__Your objective__
Reproduce exactly the span of lines beginning at the one with "Suspension en verre" and ending at the last line of the data below, omitting pictures.

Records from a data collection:
----------

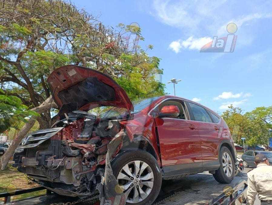 Eran cerca de las 12 del día, la mujer, de unos 50 años de edad, conducía una camioneta CR-V por la avenida Circuito Colonias, llegó a la glorieta ubicada en el cruce con la avenida Prolongación de Paseo de Montejo, se incorporó a ella, sin embargo, cuando realizó la maniobra para salir chocó la parte frontal de su camioneta contra una esquina del muro de contención.
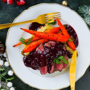 Dresser vos assiettes avec 1/3 magret de canard tranché par personne, 2 à 3 carottes rôties, un peu d'écrasé de pommes de terre, la sauce au vin rouge, un tour de poivre et quelques branches de persil frais. Joyeux Noël !
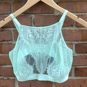 Mesh and intricate lace details combined with a high neck silhouette for an elevated layering look. Unlined mesh with sheer lace overlay.
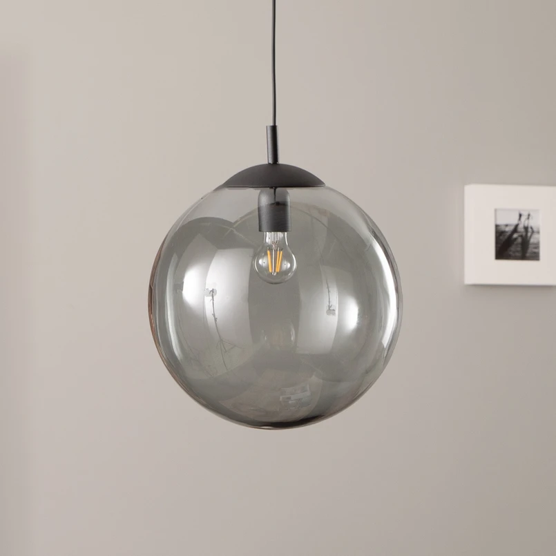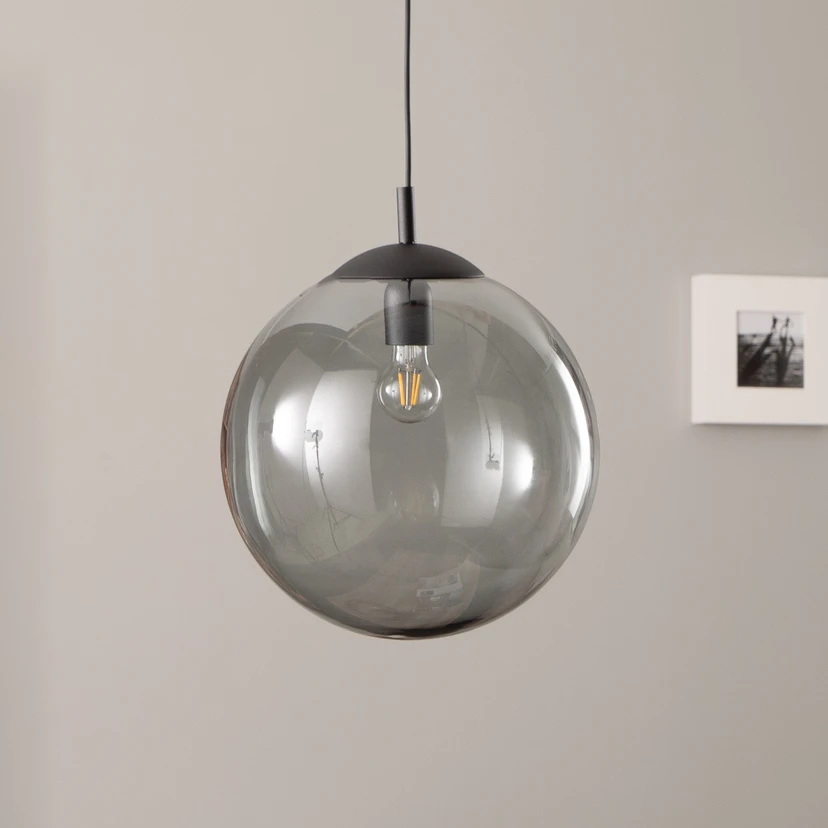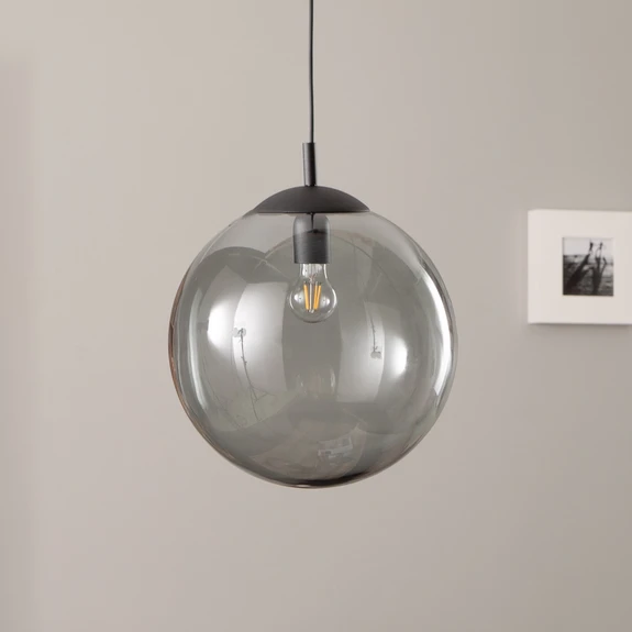 Suspension en verre Esme avec abat-jour sphérique gris graphite La suspension Esme plaît avec son abat-jour sphérique dont le verre est teinté en gris graphite et qui laisse entrevoir l'ampoule à utiliser. Le support, le câble et la rosace sont noirs.
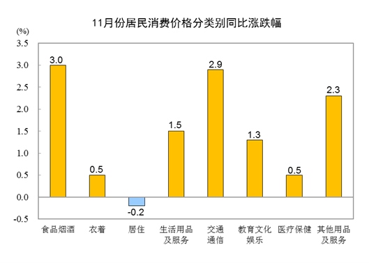 11月份,全國(guó)居民消費(fèi)價(jià)格環(huán)比下降0.2%。其中,城市下降0.2%,農(nóng)村下降0.2%;食品價(jià)格下降0.8%,非食品價(jià)格持平;消費(fèi)品價(jià)格下降0.1%,服務(wù)價(jià)格下降0.2%。
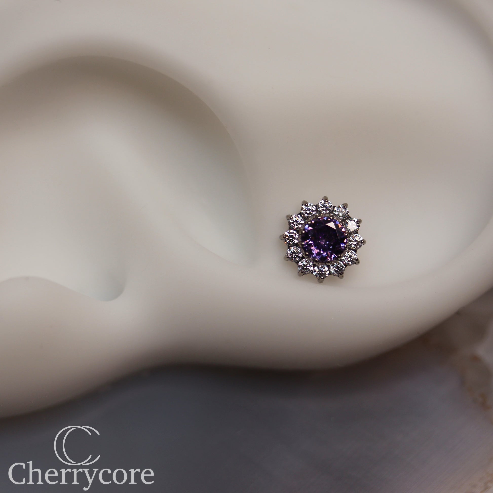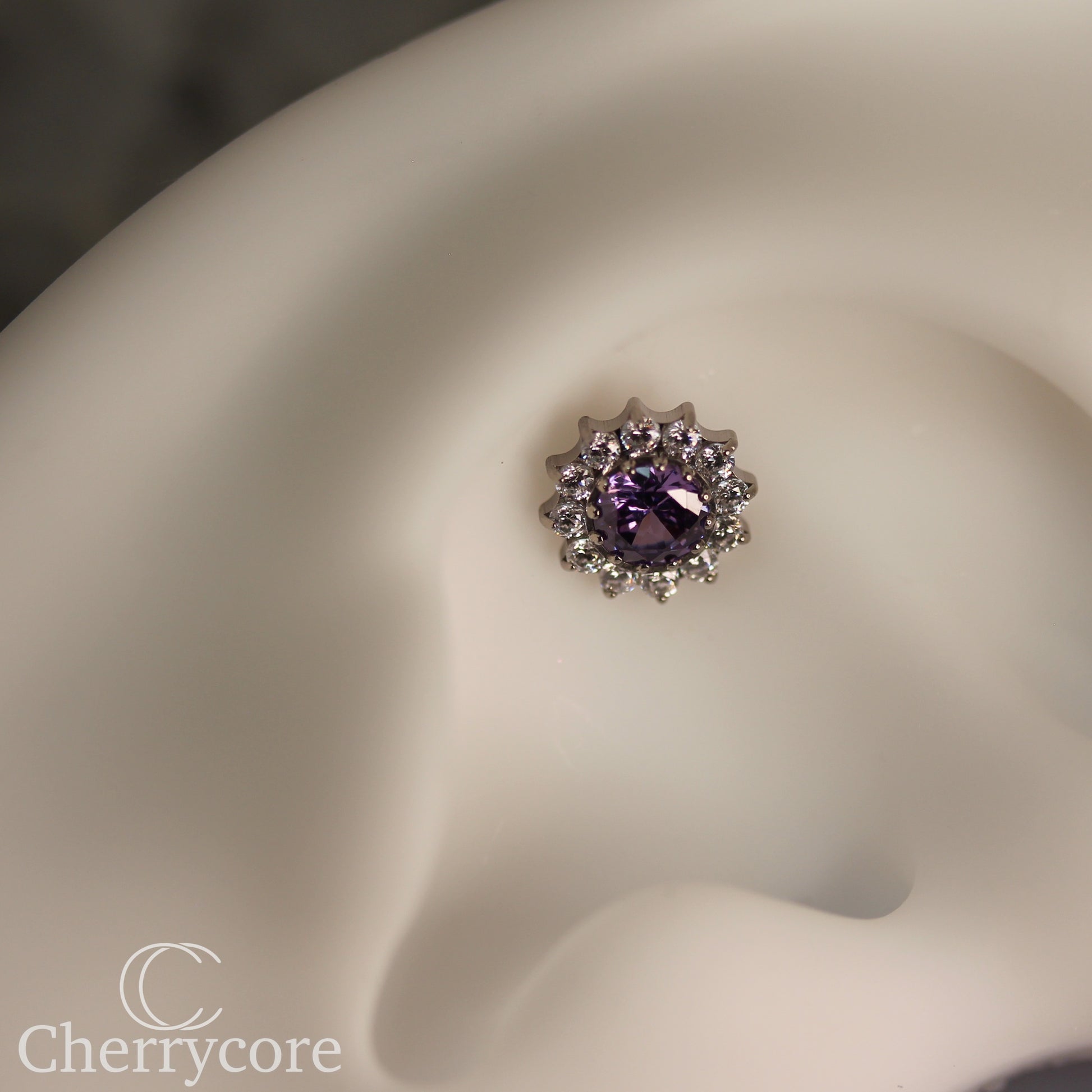 Large Amethyst CZ & CZ Flower - Titanium Threaded attachment
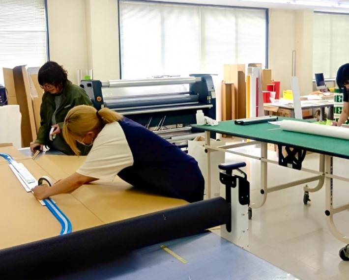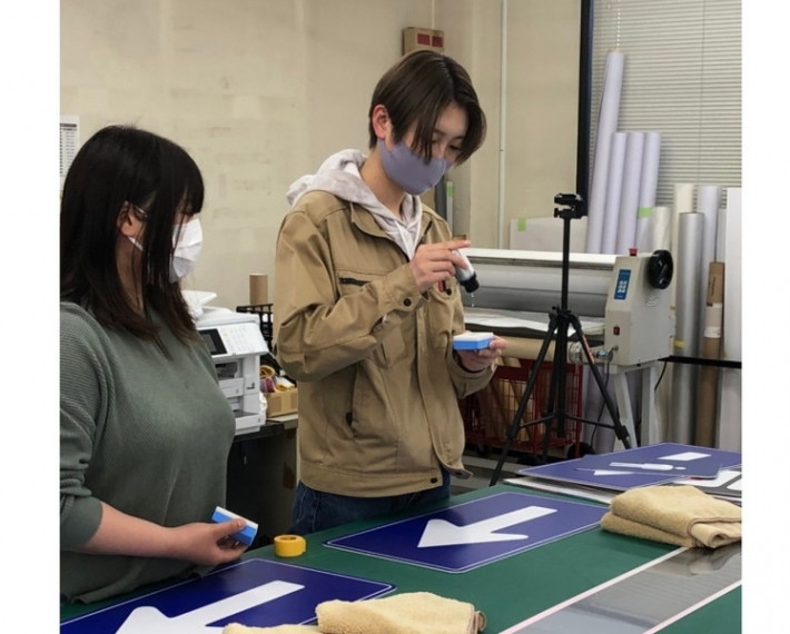 看板づくりを全部自分たちでやるからこそ、チームワークは抜群。

----------

__The answer__
 Suspension en verre Esme avec abat-jour sphérique gris graphite La suspension Esme plaît avec son abat-jour sphérique dont le verre est teinté en gris graphite et qui laisse entrevoir l'ampoule à utiliser. Le support, le câble et la rosace sont noirs.
 11月份,全國(guó)居民消費(fèi)價(jià)格環(huán)比下降0.2%。其中,城市下降0.2%,農(nóng)村下降0.2%;食品價(jià)格下降0.8%,非食品價(jià)格持平;消費(fèi)品價(jià)格下降0.1%,服務(wù)價(jià)格下降0.2%。
 Large Amethyst CZ & CZ Flower - Titanium Threaded attachment
 看板づくりを全部自分たちでやるからこそ、チームワークは抜群。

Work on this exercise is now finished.